Leptospermum argenteum, commonly known as the Mt Royal tea-tree, is a species of shrub that is endemic to the higher parts of Barrington Tops in New South Wales. It has smooth bark, stems with a flange along the sides, broad leaves, white flowers and unlike many others in the genus, it is never lemon-scented.

==Description==
Leptospermum argenteum is a shrub that typically grows to a height of 7 m and is never lemon-scented. It has smooth bark that is shed in strips or flakes. Young stems are densely hairy at first and have a conspicuous flange, especially near the base of the leaves. The leaves are broadly egg-shaped to elliptical, 5-15 mm long and 2.5-7.5 mm wide with a short petiole. The flowers are usually borne singly in leaf axils and are 8-12 mm in diameter on a densely hairy pedicel about 1 mm long. The floral cup is glabrous and 2-3 mm long. The sepals are about 2 mm long and broadly egg-shaped to almost spherical and fall off as the flower develops. The petals 4-5 mm long and white.
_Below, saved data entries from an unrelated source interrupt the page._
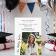 Una simple invitación de fiesta de graduación moderna con un acento “graduado” escrito a mano. Los cortes de foto inclinados elegantes añaden un detalle gráfico único.
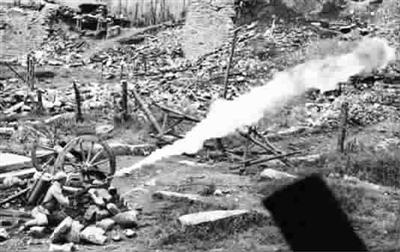 中国远征军士兵用火焰喷射器消灭顽抗的日军
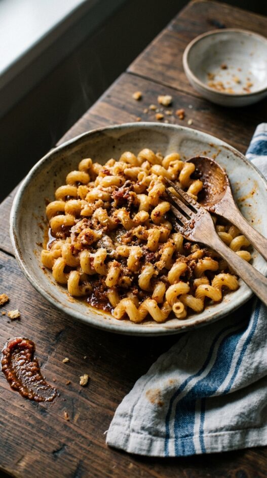 Saving half the toasted breadcrumbs for the top, stirring the other half into the sauce to thicken, was a detail I’d never seen before this recipe. I ended up with two textures on one plate, crunchy and sauce-bound. The anchovies dissolved into the oil and left no fishiness, just salt and depth. My roommate who hates anchovies went back for two helpings.
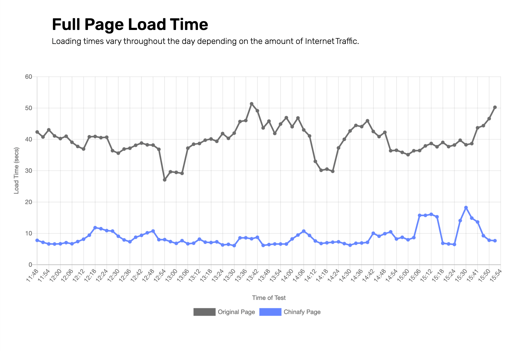 Comparing the original website against the Chinafy version in Beijing, the average Page Complete time is as follows:
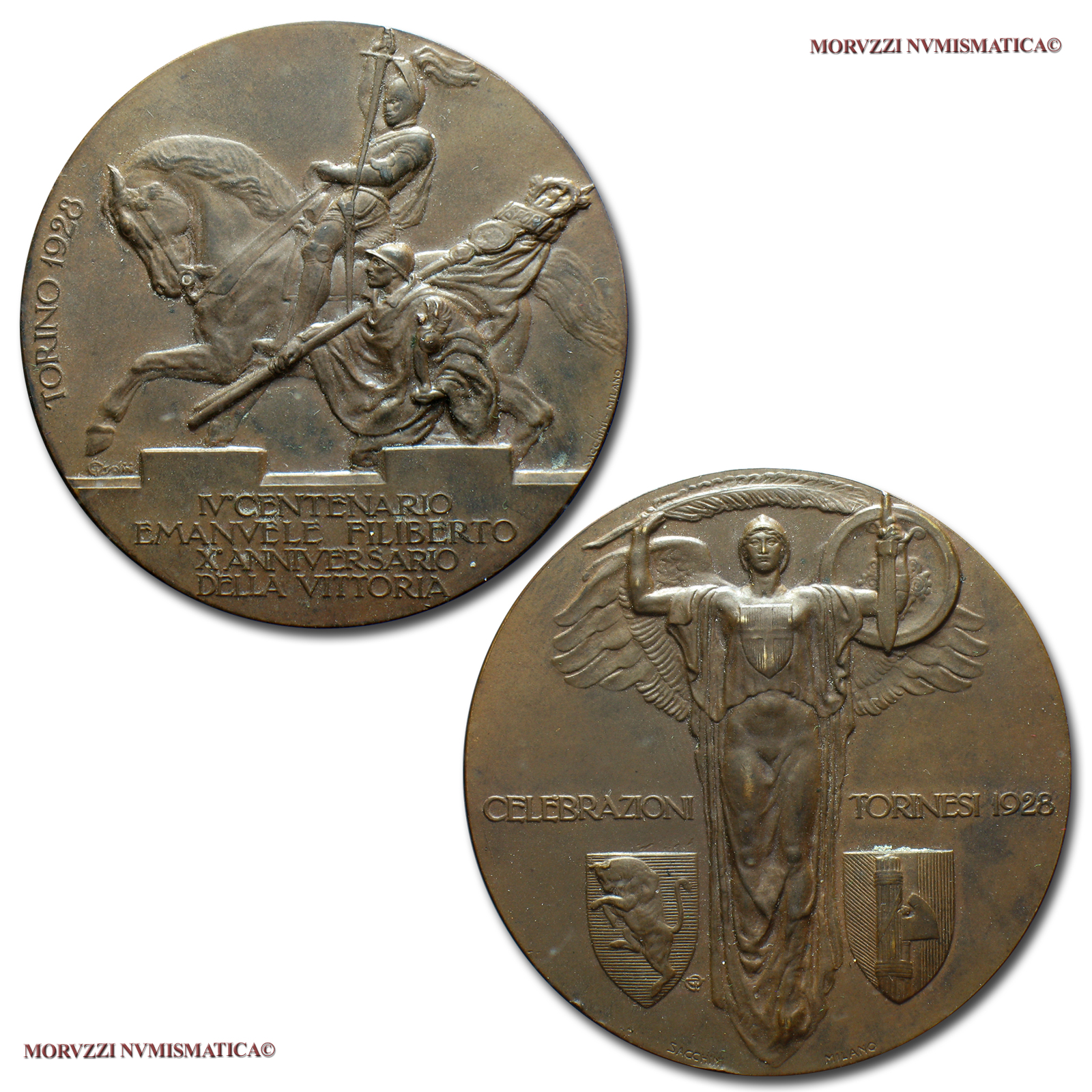 Italia, EMANUELE FILIBERTO DI SAVOIA, MEDAGLIA IN BRONZO, 1928, 400° anniversario della nascita di Emanuele Filiberto e 10° della Vittoria della Prima Guerra Mondiale, Opus Gaetano Orsolini, mSPL, (R), (Casolari VI-22) / medaglie italiane fasciste rare
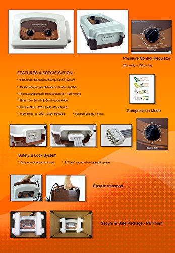 Studio : NEOMEDIC Publisher : NEOMEDIC Binding : Health and Beauty Product Description * 4 Chamber Sequential Compression Therapy Pump ONLY. , 220V machine available, ship to worldwide, Made in U.S.A. FDA Medical Device Cleared. * Gradient Squeezing Compression Mode (Proven to be the Best for Blood, Lymph Circulation Therapy. Pressure: 20 ~ 100 mmHg, 60 min Timer), Quick Easy to use Connector w/Safety Lock System * The "Squeeze" in a graduated compression is most firm at the bottom and reduces toward the top of the garment like human body. * Lymphedema, Edema, Chronic Venous Insufficiency, Varicose Vein, Wound Therapy caused by poor blood circulation, Tired, Swollen, Aching feet, legs. * 15 sec inflation / deflation per chamber one after another 0
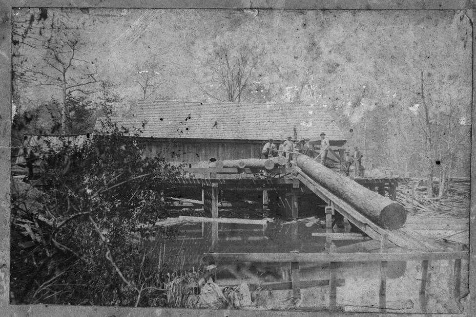 By 1890, the hypothetical Moates Brothers Mill must have ceased operation. We can confidently assert this as fact since the property was in the possession of a neighbor by then; it was sold to Mr. and Mrs. Lowe, who later sold it to William Crawford in 1885. Most real estate documents from before 1885 were lost in a courthouse fire that year. We can imagine what the mill might have looked like from a photo of a mill on Wrights Creek near Caryville, Washington County that is associated with Seymore B. Sikes the two-year-old child of the millwright neighbor of Francis Moates. (See Photo)
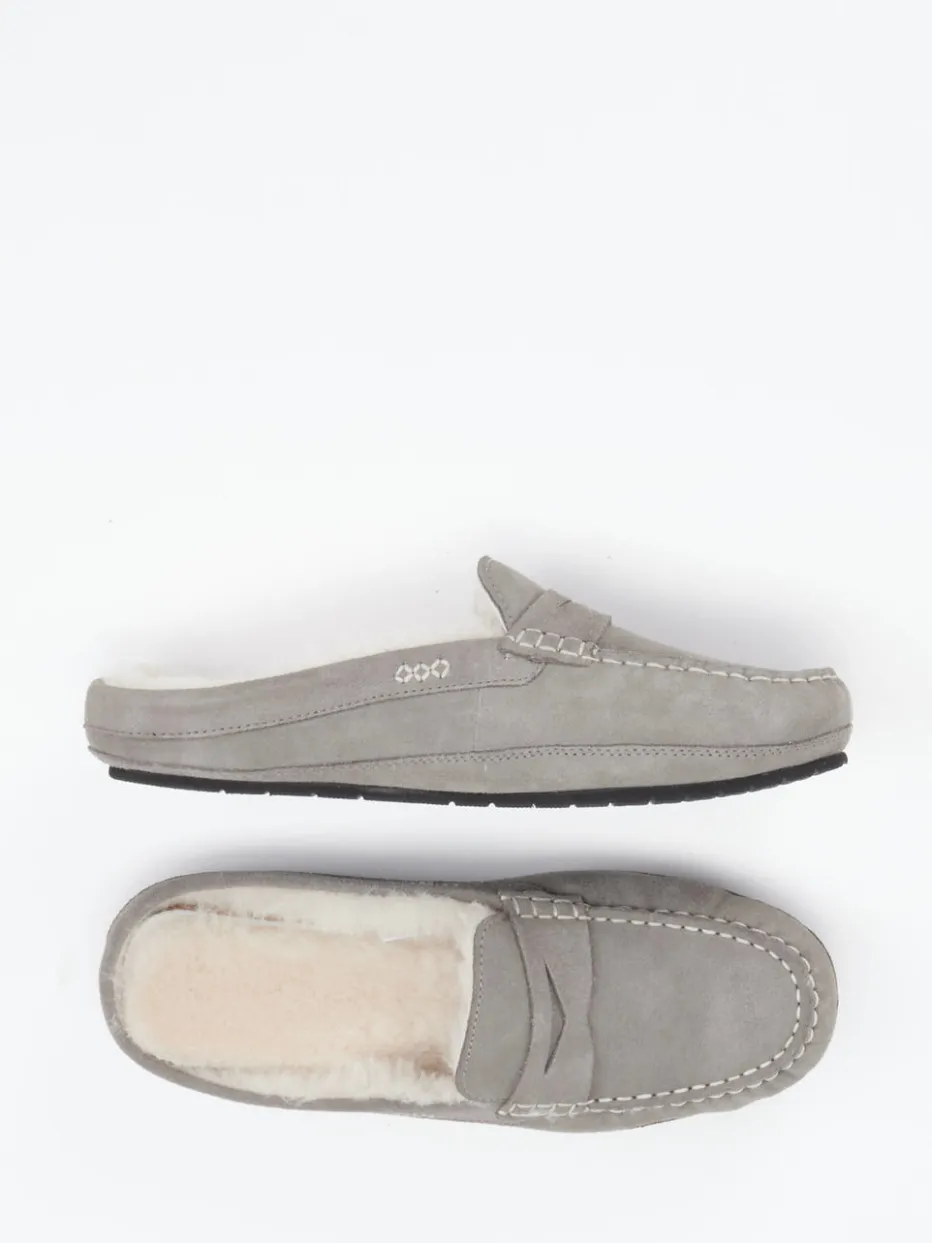 Komfort trifft auf klassische Eleganz.Der Hausschuh von Sioux überzeugt im Mokassin-Stil durch seine hochwertige Verarbeitung. Ideal für entspannte Stunden daheim oder den kurzen Gang vor die Tür: Die flache Silhouette kombiniert graues Kalbleder mit samtiger Veloursoptik, offener Ferse und warmem Lammfellfutter. Kontrastnähte in Offwhite betonen die klassische Form, während die Gummisohle sicheren Halt bietet – drinnen wie draußen. Das dezente Design fügt sich perfekt in einen modernen Loungewear-Look ein und passt zu gemütlichen Homewear-Outfits. Hochwertige Materialien und wohlüberlegtes Design stehen bei Sioux für langlebigen Komfort im Alltag.
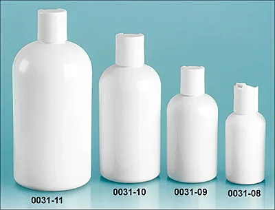 The white boston round bottles, ranging in size from 2 oz to 16 oz, include white disc top caps. These white plastic bottles could be ideal for packaging and dispensing a variety of bath and body products, such as lotions, hair care products and much more!
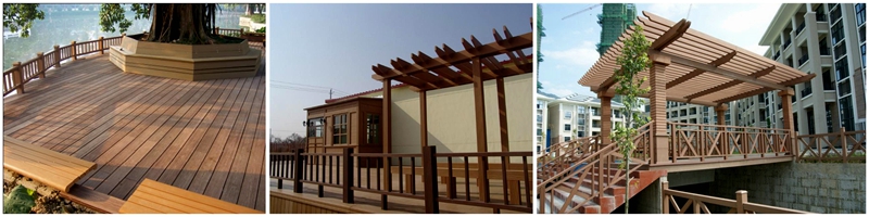 ПЭ-пластык + 10%-15% армаванага шкловалакном + 50-60% драўнянага парашка + суэкструзійны пласт супраць старэння + узмоцненая структура |
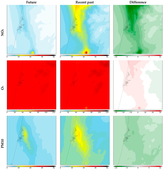 - Sá, E.; Martins, H.; Ferreira, J.; Marta-Almeida, M.; Rocha, A.; Carvalho, A.; Freitas, S.; Borrego, C. Climate Change and Pollutant Emissions Impacts on Air Quality in 2050 over Portugal. Atmos. Environ. 2016, 131, 209–224. [Google Scholar] [CrossRef]
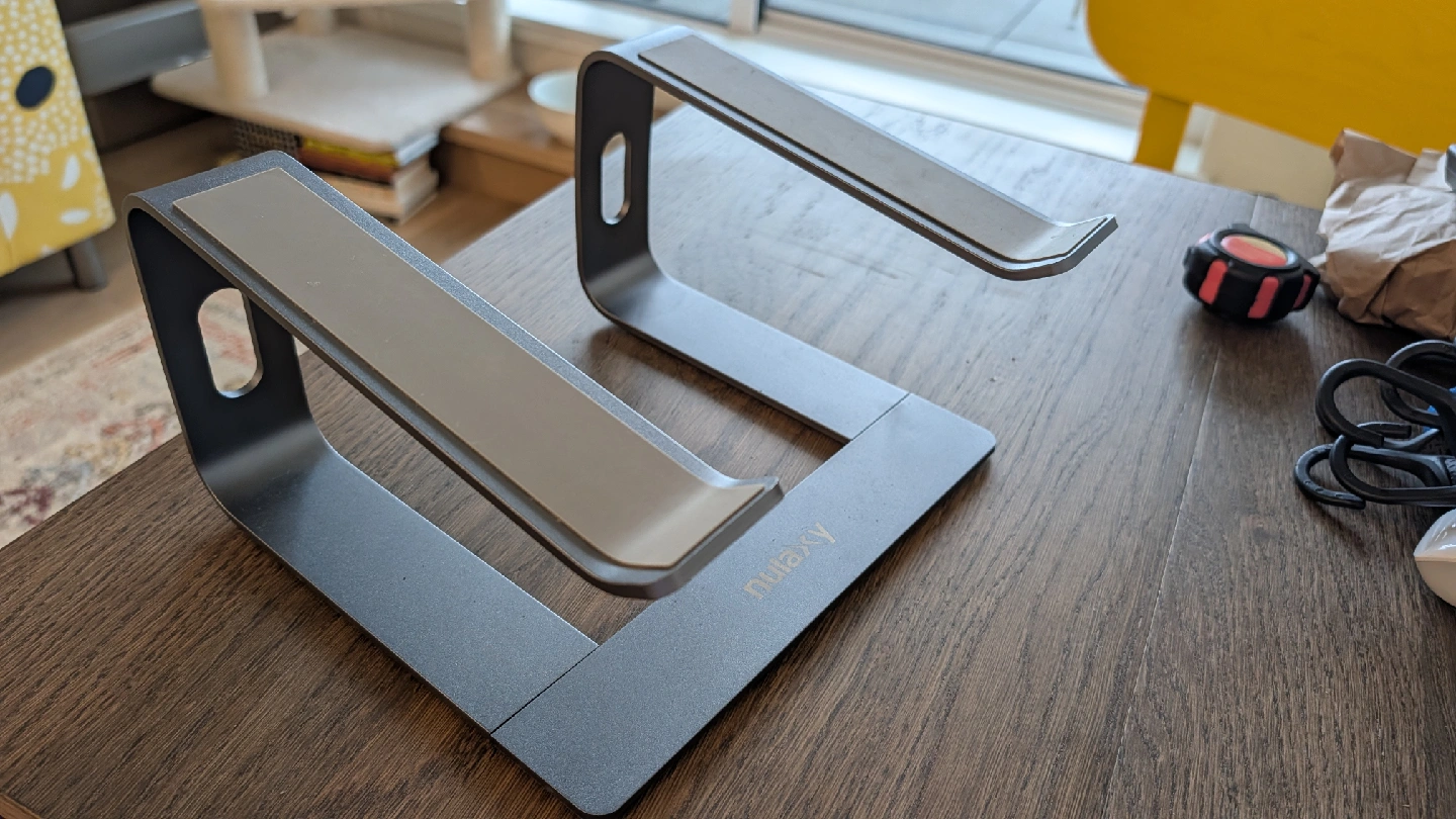 10Selling a nulaxy laptop stand in silver. It's in great condition and ready to help elevate your workspace!
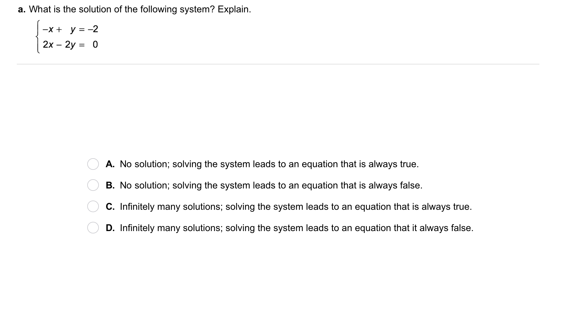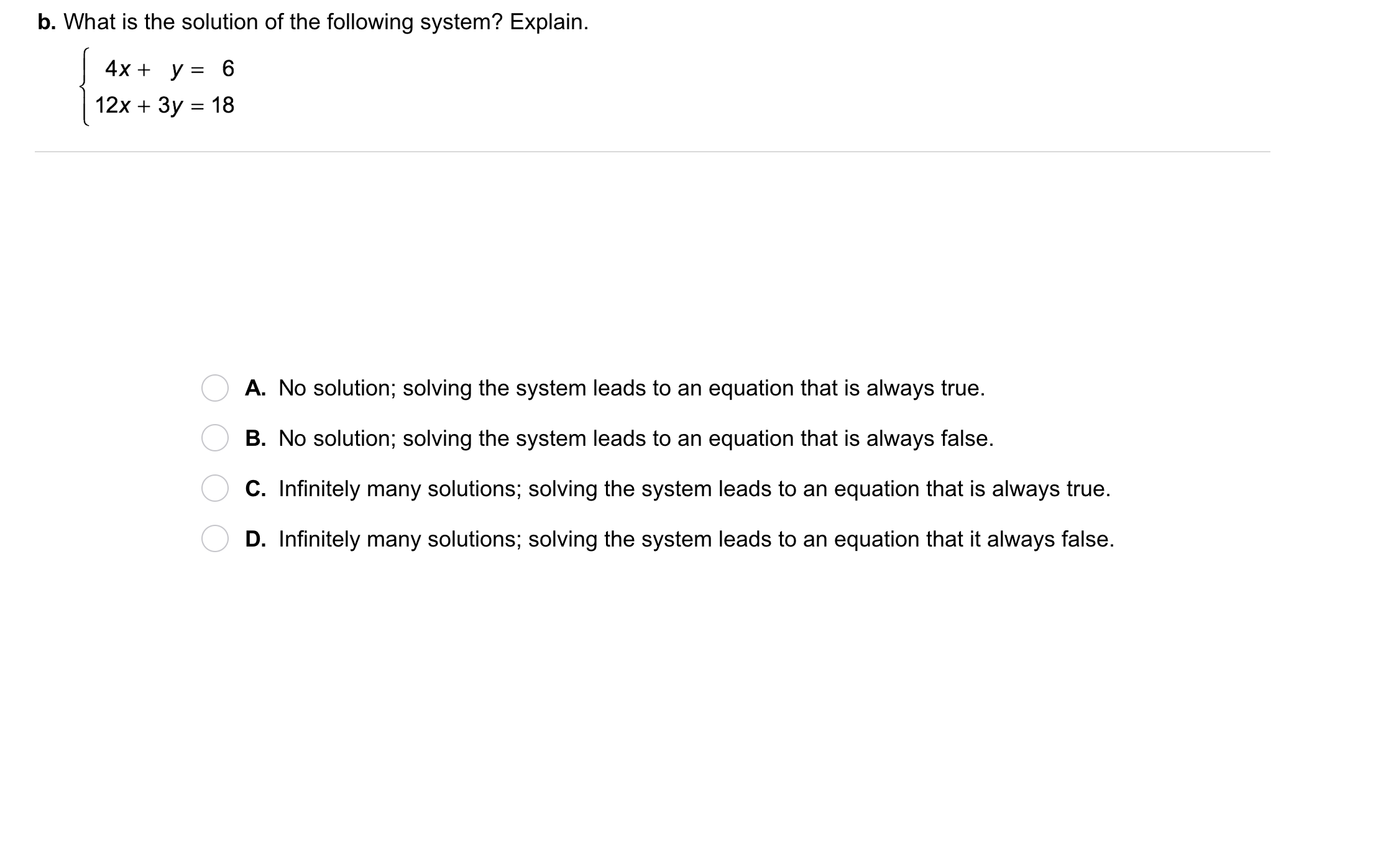 Take Note: Describe how, when solving a system, you can recognize that the system is always true and has infinitely many solutions.

The stamens are 2-3 mm long and bundled into groups of about five. Flowering mainly occurs in January and the fruit is a woody capsule 5-7 mm in diameter.

==Taxonomy and naming==
Leptospermum argenteum was first formally described in 1989 by Joy Thompson in the journal Telopea. The specific epithet (argenteum) is from Latin argenteus, meaning "silvery in colour", referring to the colour of the new growth.

==Distribution and habitat==
Mt Royal tea-tree grows in forest and woodland, along streams and in swamps in the Barrington Tops area, including the Barrington Tops and Mount Royal National Parks and the Stewarts Brook State Forest.